臭い物に蓋をする(「臭いものに(は)蓋」のみでも成立)
- 悪事や失敗、醜聞など、都合の悪いことが、他に漏れて世間に知られないように、根本的な解決をはかることなく、一時的にその場しのぎの方法で隠そうとすること。悪臭の元を絶たないで容器の蓋を閉め、悪臭が漏れるのを防ぐということから。

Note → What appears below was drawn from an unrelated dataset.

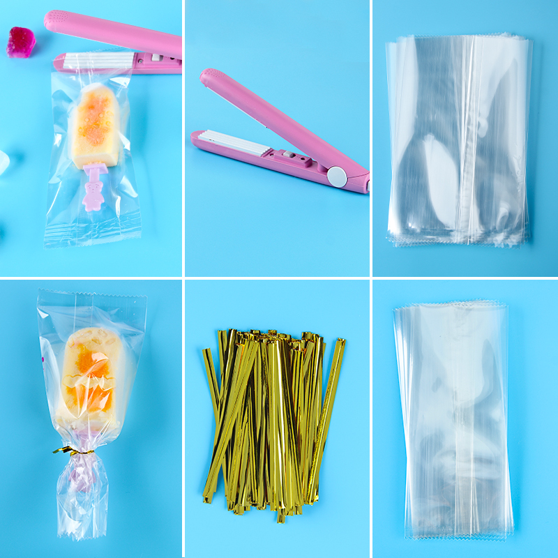 Medium ice cream transparent bag (100pcs) Large ice cream transparent bag (100pcs) Gold wire cable tie(760pcs) Rose red sealing machine ice cream stick (50pcs)
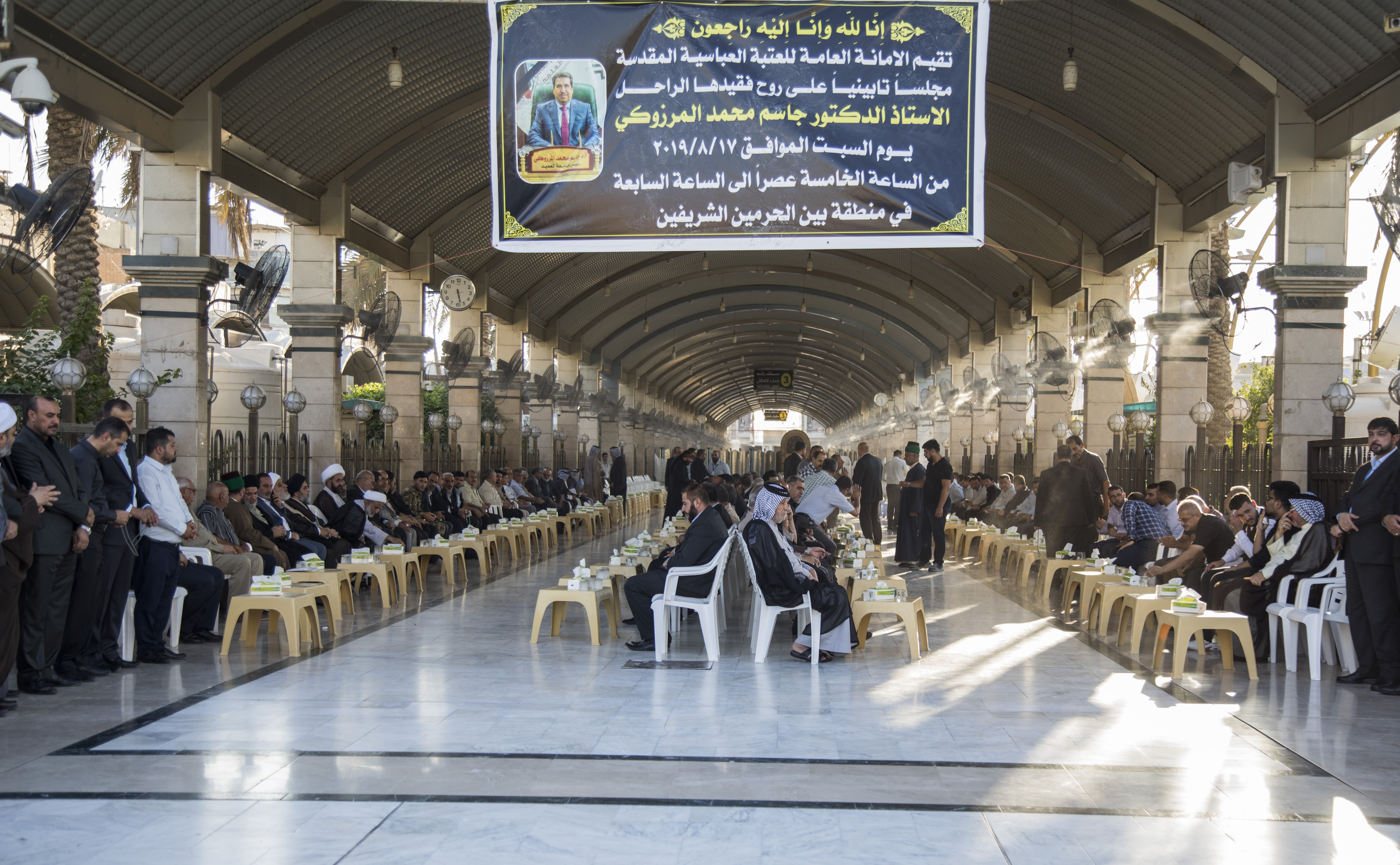 حضر وفد كبير مثل قسم الشؤون الدينية مجلس التأبين الذي أقامته العتبة العباسية المقدسة على روح رئيس جامعة العميد التابعة لقسم التربية والتعليم العالي فيها المغفور له الاستاذ الدكتور جاسم محمد المرزوكَي الذي توفاه الله تعالى الأسبوع الماضي إثرَ تعرضه لجلطةٍ دماغية مفاجئة أدخلته في غيبوبة دامت عدّة أشهر.

- そして、詮じつめれば、いづれも、単純な自己中心の物の考へ方、「その場のがれ」といふ怠惰因循な精神の反射的な欲求が根本になつてゐると思はれます。「いい子になる」こと、「人にいやな顔をされない」こと、「臭いものに蓋をする」こと、これが、日本人大多数の処世の道とさへ言ひきれるでせう。それも、つねに目前の効果を計算にいれてゐますから、自分と相手との関係によつて、その出かたはいろいろです。(岸田國士 『S夫人への手紙』)
- 上方いろはがるた:臭い物に蝿がたかる(くさいものに蝿)、腐っても鯛
- 尾張いろはがるた:果報(くゎはう)は寝て待て
- 幸田露伴『東西伊呂波短歌評釈』
- 東のは臭腐のもの須らく之を掩ふべきを云ひ、西のは穢は又おのづから穢を引きて、臭物の蒼蝿を致すことを云へり。古は西の短語「くさいものに蝿」と無くして「くさつても鯛」とありし由、今のかるたにも、画には鯛を描けり。腐つても鯛と云へる諺は余り好ましからず。